ESSAS METAS MEDÍOCRES são o programa mínimo e máximo que celerados civis e militares têm para hoje. Em 1964, as forças armadas – no tempo da Guerra Fria – tinham um projeto de país, autoritário e elitista, mas tinham. Hoje em dia, alguém com mais de cinco anos de idade avalia que uma ruptura institucional comandada por Bolsonaro, Mourão, Heleno, Braga Netto Ramos e Paulo Sérgio, entre outros, enseje algo mais do que engordar contracheques no fim do mês?

Não é golpe. É terror de chanchada (mas é terror). Tem chances de dar certo? Por um prazo curto, sim. Numa visão de largo espectro, leva à desorganização ainda maior da máquina pública, ao isolamento internacional, à retração de investimentos e à “perca” de grana grossa por parte da turma da Faria Lima. Ou seja, o mesmo arranjo que permite lucros indecentes ao grande capital pode se tornar disfuncional e levar essa malta a se afastar do governo.

A patranha golpista provavelmente teria vida curtíssima, inversamente proporcional ao elevadíssimo custo humano e social nela embutida. Por décadas, no entanto, o Brasil não voltaria a algo que remotamente se possa chamar de “normal”.

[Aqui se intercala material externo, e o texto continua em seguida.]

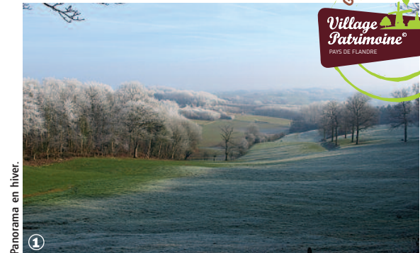
Panorama en hiver.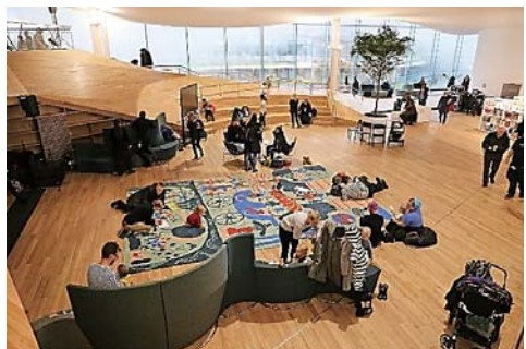
資料7 Oodi3階（南側）

以外のスペースには、イベントスペース（資料7）、ストーリー・ルーム、子ども用施設（児童室）、カフェが併設されている。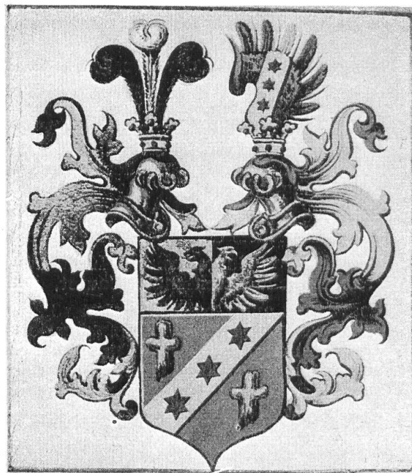
Fig. 100. Wappen aus der Copie des Ritterstandsdiplomes v. Westenholz, 1866.

vertrat erfolgreich die militärischen, politischen und volkswirtschaftlichen Interessen Österreichs.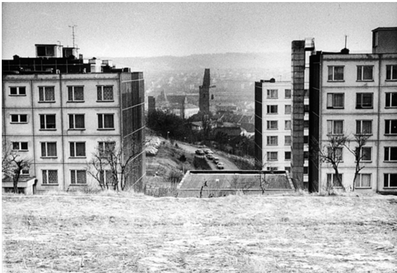
Pohled z Bendovky na Vysokou bránu - 1994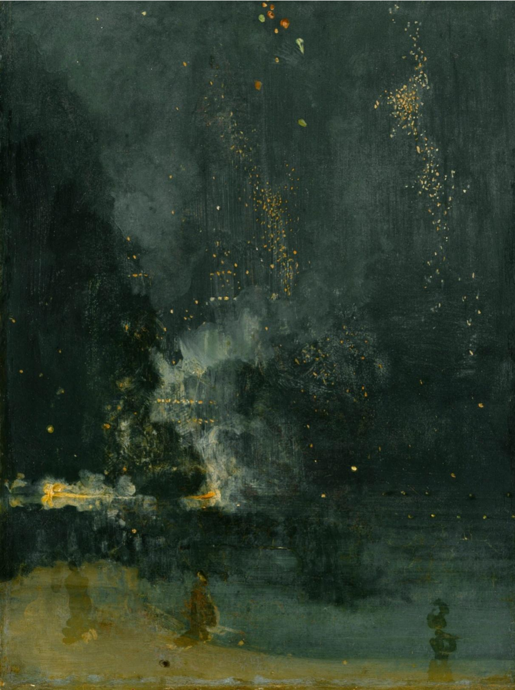
Джеймс Уистлер. Ноктюрн в черном и ЗОЛОТОМ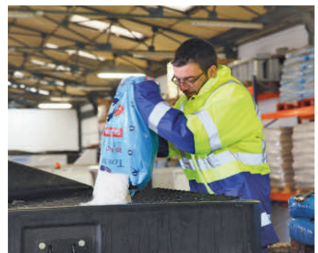
AYTO DE FUENLABRADA

Con la llegada del frío se activa el plan contra las heladas, en el que se incluye el reparto gratuito de sal para que las comunidades puedan esparcirlo en sus accesos, previniendo caídas o accidentes. Se han habilitado varios espacios, que pueden consultarse en la web municipal.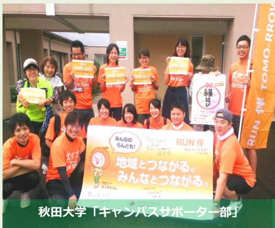
秋田大学「キャンパスサポーター部」

秋田を元気にする様々な活動を行っている県内国公立4大学の学生によるトークセッションを開催しました。自分たちが目指していること、秋田への想い、地域貢献とは？学生達が本音で熱く語り合いました！！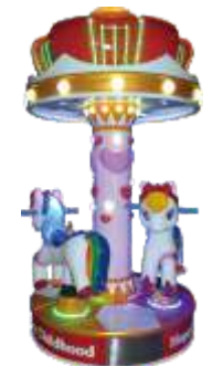
XP-QF8001 Happy Childhood 快乐童年3人转马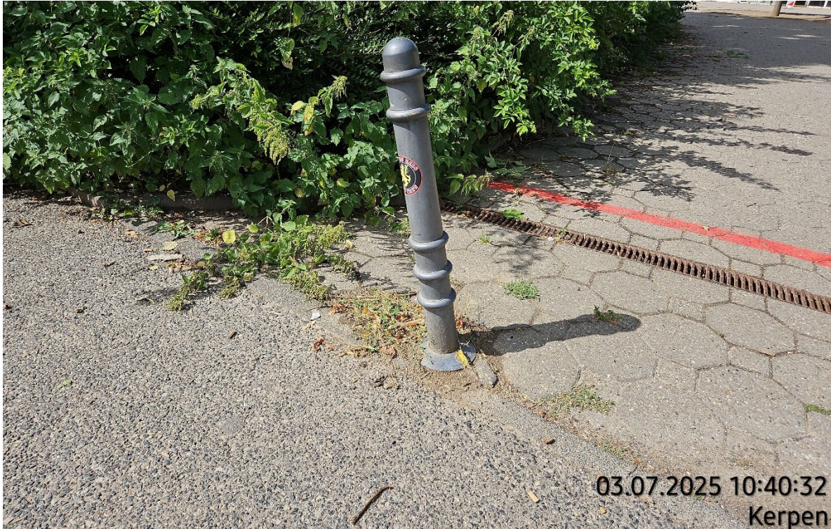
Absperrpoller aus Stahl – Pos. 02.23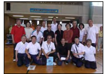
大磯町の参加者の皆さん

6月10日（日）に上記大会が横浜市神奈川地区センターにおいて、県内から30チーム90名が参加し、大磯町からは6チーム19名（内、町民8名）が参加しました。町の県大会の出場は2年ぶり3回目で、各試合熱戦が繰り広げられましたが、予選リーグ突破の壁は今回も厚く、残念ながら予選で敗退しました。しかし、「競争より協調」という原点を忘れずに今後も挑戦していきますので、次回は一緒に参加してみませんか。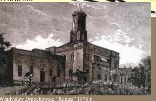
Władysław Dmochowski „Ratusz” 1876 r.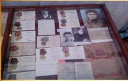
Героически сражались на фронтах Великой Отечественной войны- учителя школы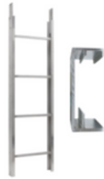
Tramo de escalera 2m 250kg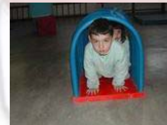
Aula de psicomotricitat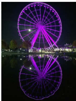
Alex Póo Foto: Montreal by night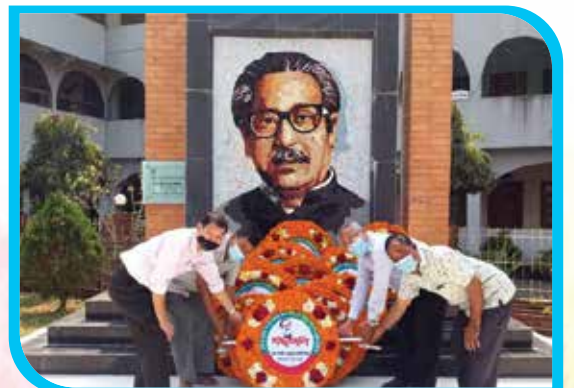
জাতির পিতা বঙ্গবন্ধু শেখ মুজিবুর রহমানের জন্মবার্ষিকী উপলক্ষে বান্দরবান পার্বত্য জেলা পরিষদ চত্বরে জাতির পিতা বঙ্গবন্ধু শেখ মুজিবুর রহমানের প্রতিকৃতিতে পুষ্পস্তবক অর্পণ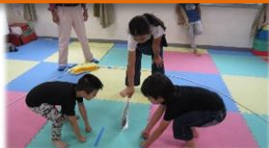
不定期開催大相撲にじ場所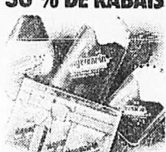
Algemarin. Tous les bains moussants, les gels de douche et les sels de bain. Ord. 3,20 à 16,60 Solde 2,25 à 11,62 ch. Tant qu'il y en aura!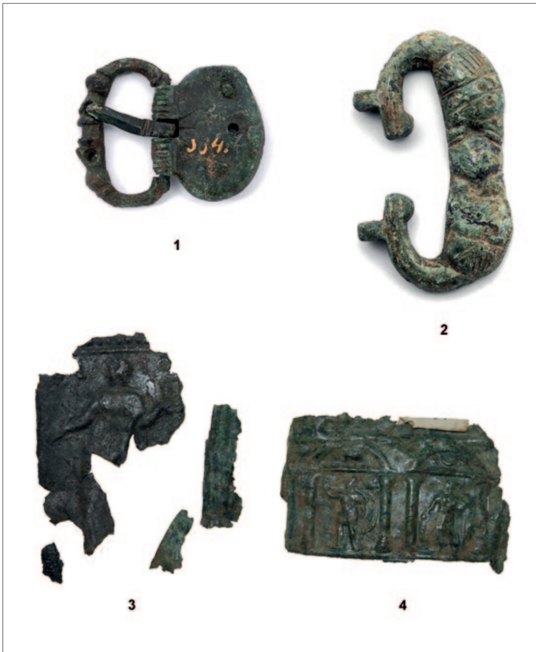
Sl. 8 1 Stolac; 2 Japra – Majdanište; 3–4 Čapljina – Mogorjelo Fig. 8 1 Stolac; 2 Japra – Majdanište; 3–4 Čapljina – Mogorjelo

Late Antique buckles with animal-head decoration on the frame typically have a pair of such heads on the frame (Koščević 1991: 68), face to face, usually at the point where the pin rests (Busuladžić 2018: 44), but in some cases at the chape end. The heads may be so stylised that it is possible only to guess at the animal they represent, but some heads are clearly of a recognisable animal: dolphins, water-birds, horse-head protome, lions, panthers, snakes, birds with outspread wings, and many other varieties of animal (Busuladžić 2018: 44). This feature is the principal structural and also decorative characteristic of this type of buckle (Redžić 2013: 163). In some cases the decorative design may also correspond to that of astragal buckles, where the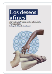
DESEOS AFINES, LOS AA.VV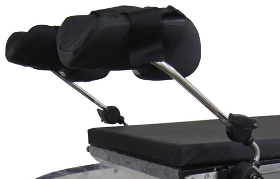
505-1126 Beenhouders Goepel (paar)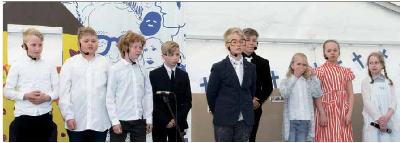
Oppilaiden esittämä "Juhlapuhe" eli muutama tarina menneistä.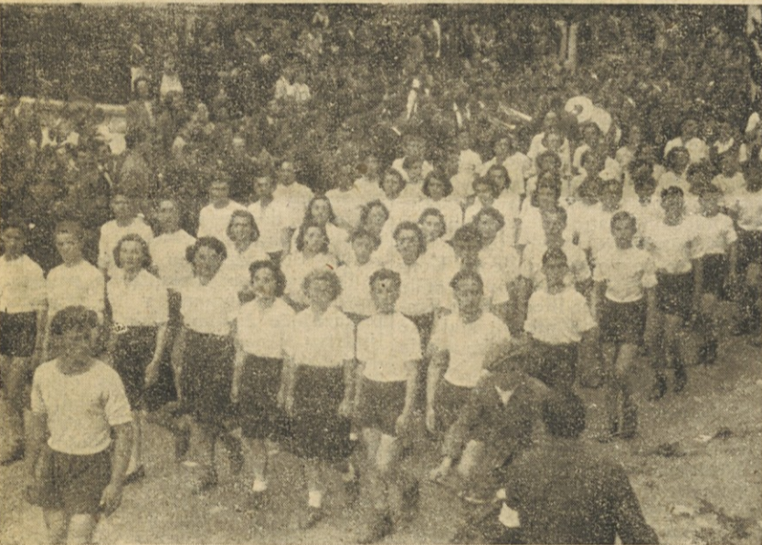
Oddelek pozdravlja častne goste na tribuni

bo za dvig delovne sposobnosti in za krepitev obrambne moči naroda s fizikulturo. Poleg tega bo vodil državne ustanove za fizikulturo občanarodnega značaja.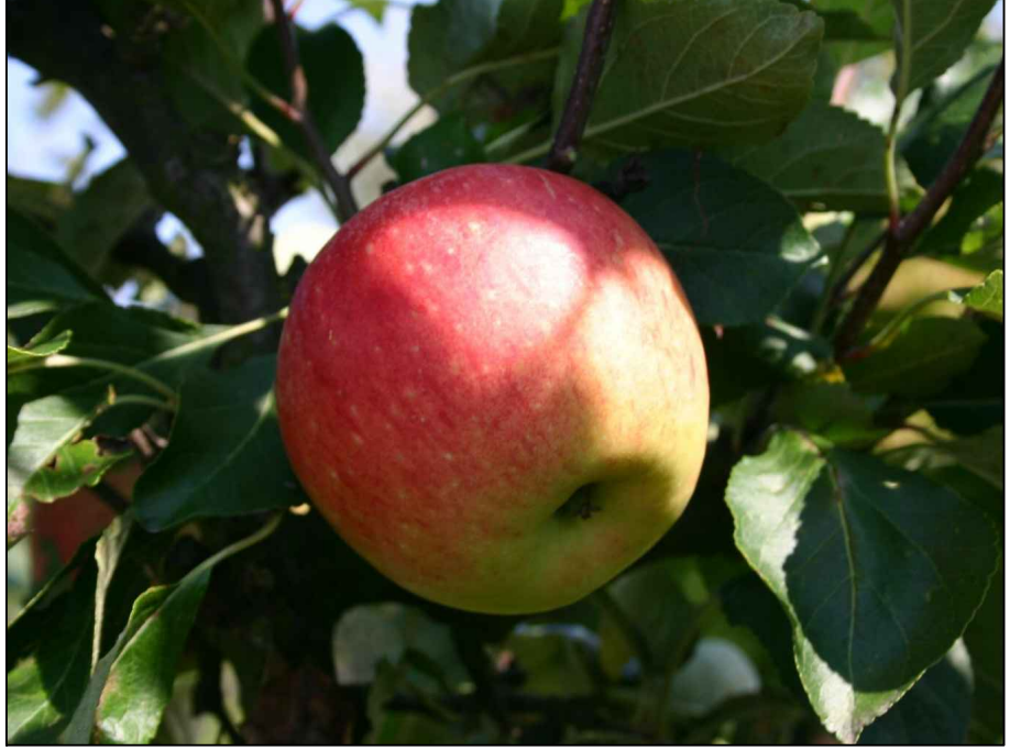
Beispielfoto Sommerapfel 'James Grieve', Frucht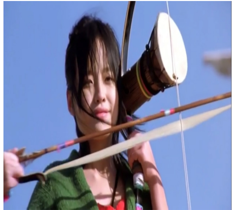
Görsel 17. Geleneksel enstrüman

O 7 de setembro vai ser o dia da tempestade perfeita? Não se sabe. Bolas de cristal estão em falta no mercado, mas os indicadores para Bolsonaro também não são animadores. Uma cavalgada apoteótica com o führer miliciano programada para o sábado (28), em Bauru, contou com um cano de seu patrono, chuva e alguns gatos pingados de duas e quatro patas. Mas quem tem caneta e grana sempre pode lotar ônibus e contar com arruaceiros para tocar fogo no parquinho.

Evitar provocações é o mínimo que se pode fazer no dia em que D. Pedro I teria estacado às margens do Rubicão, digo do Ipiranga.